Injuries and fatalities

On 8 December 2018, 20-year-old Fiorina Lignier, who was attending the protest for the first time, lost her eye after being struck with a teargas canister fired by CRS riot police in the Champs Elysée in Paris. This is far from an isolated incident. On that one Saturday a total of 325 people sustained injuries, including a man in Bordeaux who lost his hand. By February 2019, 17 people had lost an eye in the protests according to the Desarmons-les (Disarm them) collective, and a deputation from the Society of French Ophthalmologists requested a meeting with Minister of Health Agnès Buzyn to discuss the alarming frequency of eye injuries caused by police action.

President Emmanuel Macron has defended the use of controversial rubber bullet launchers, lanceurs de balles de défense (LBDs), against the protesters he describes as the ‘thugs of Saturday afternoon’, despite criticism from both the Council of Europe and the UN high commissioner on human rights. LBDs are banned in most European countries. In January 2019, French newspaper Liberation stated that to date 144 people had been seriously injured in the protests, 92 as a result of LBDs. The police are also armed with flash grenades, which they throw directly into crowds, often resulting in the loss of protesters’ hands or feet.

On 1 December 2018 this police violence proved lethal for 80-year-old Marseille resident Zineb Redouane, who died of a heart attack after a teargas canister was fired into the window of her fourth floor flat, overlooking the protest. On 15 April Zineb’s family announced that they had filed a legal complaint about her death, with the request that it be dealt with by a jurisdiction outside of Marseille, as the local authorities would be unable to act impartially.

Arrests and detention

As of 2 April, 9,219 people had been taken into custody, according to figures issued by the French Ministry of Justice. On 5 April, Sandra Molinero, the president of the Rouen Society of Lawyers (SAF), spoke out about repeated problems experienced by solicitors attempting to get access to detained protesters.

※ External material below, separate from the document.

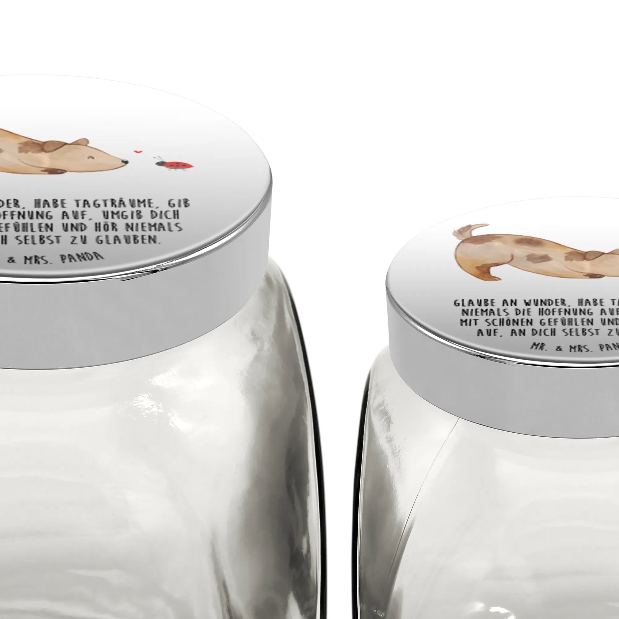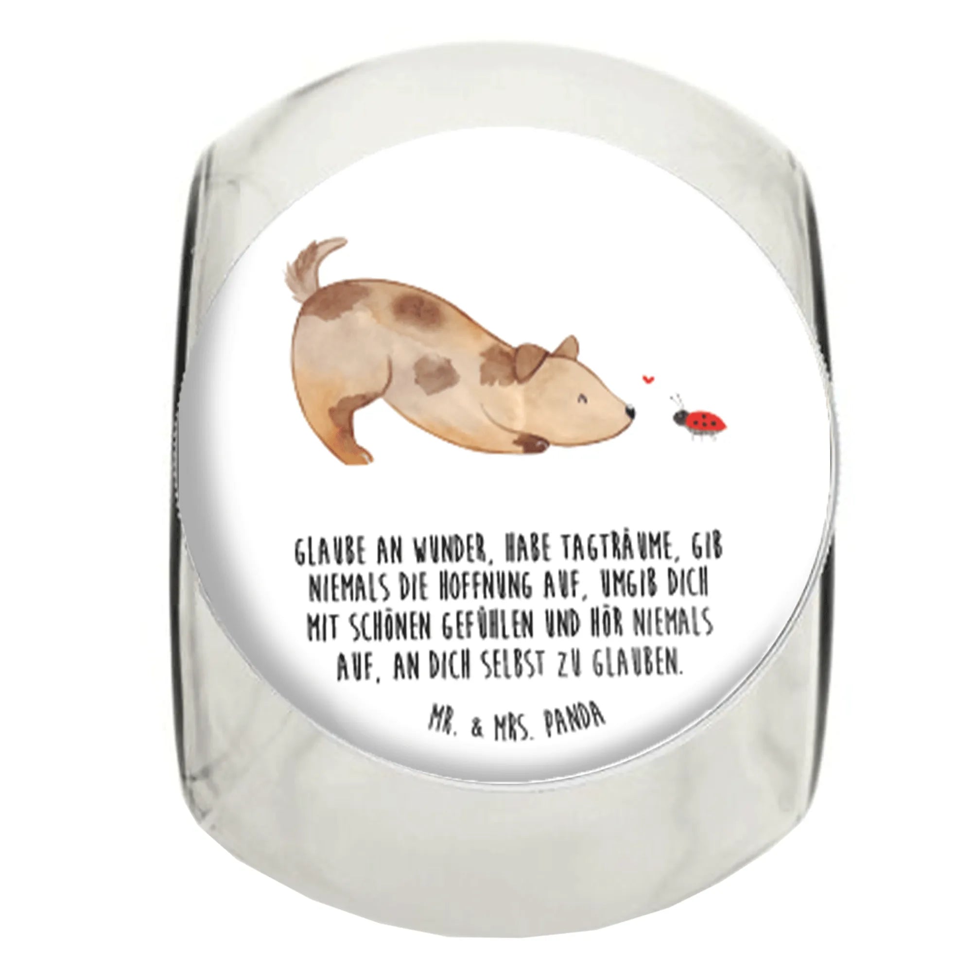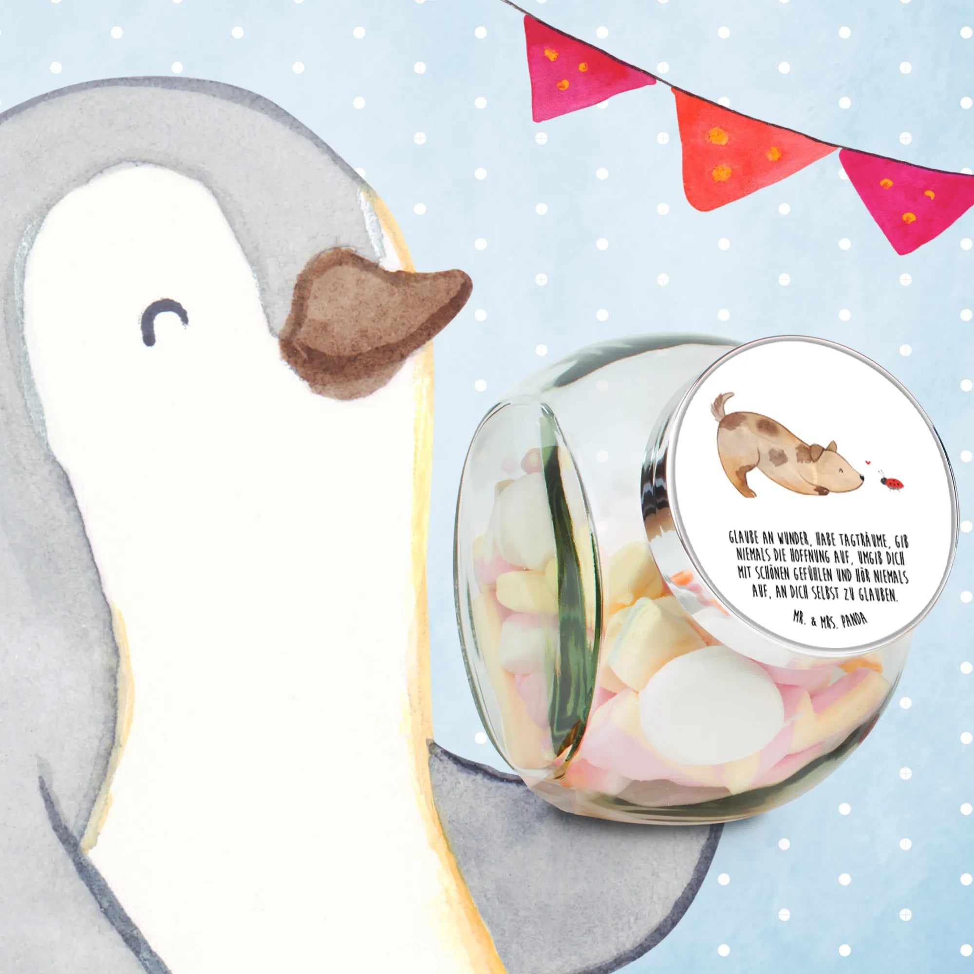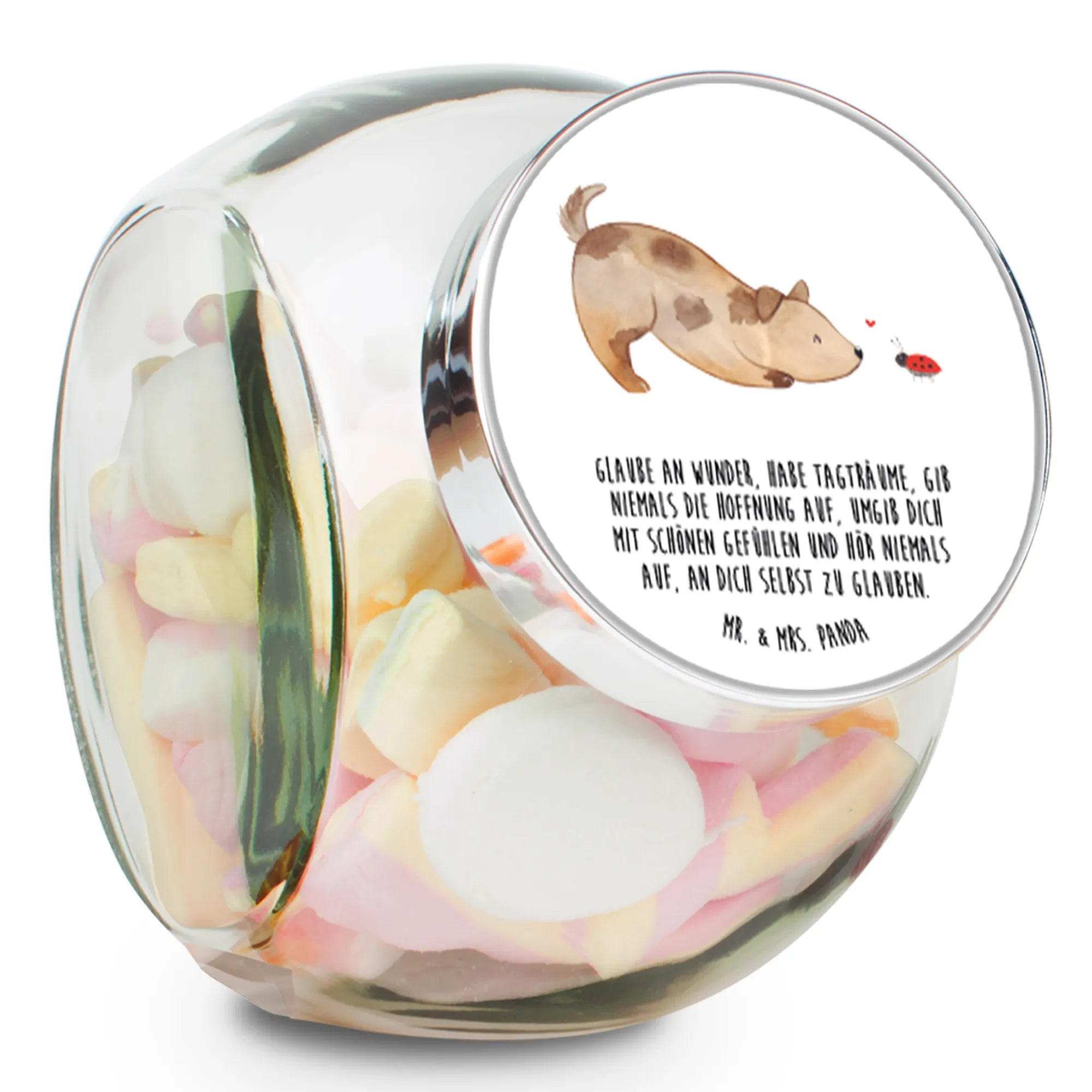 Das wunderschöne Bonbonglas mit dem Motiv "Hund Marienkäfer" aus der exklusiven Hunde Kollektion von Mr. & Mrs. Panda ist das perfekte Geschenk für alle Tierliebhaber und Hundebesitzer. Wie oft hast du schon darüber nachgedacht, wie du deine Süßigkeiten, Kekse oder Gewürze stilvoll aufbewahren kannst? Mit diesem liebevoll gestalteten Vorratsglas ist das jetzt möglich!

Her account was echoed by the national president of SAF, who gave the media an account of arrested protesters being actively dissuaded from exercising their right to see a lawyer.

On 13 March Paris prosecutor Rémy Heitz issued a written statement defending the use of preventative detention. Heitz had issued guidelines to magistrates to the effect that would-be protesters could be arrested and detained prior to the time of the weekly demonstrations and then released late that night or on the Sunday morning, specifically in order to stop them from joining the protests. Mediapart website described this as ‘Ubuesque [surreal] and blatantly illegal’.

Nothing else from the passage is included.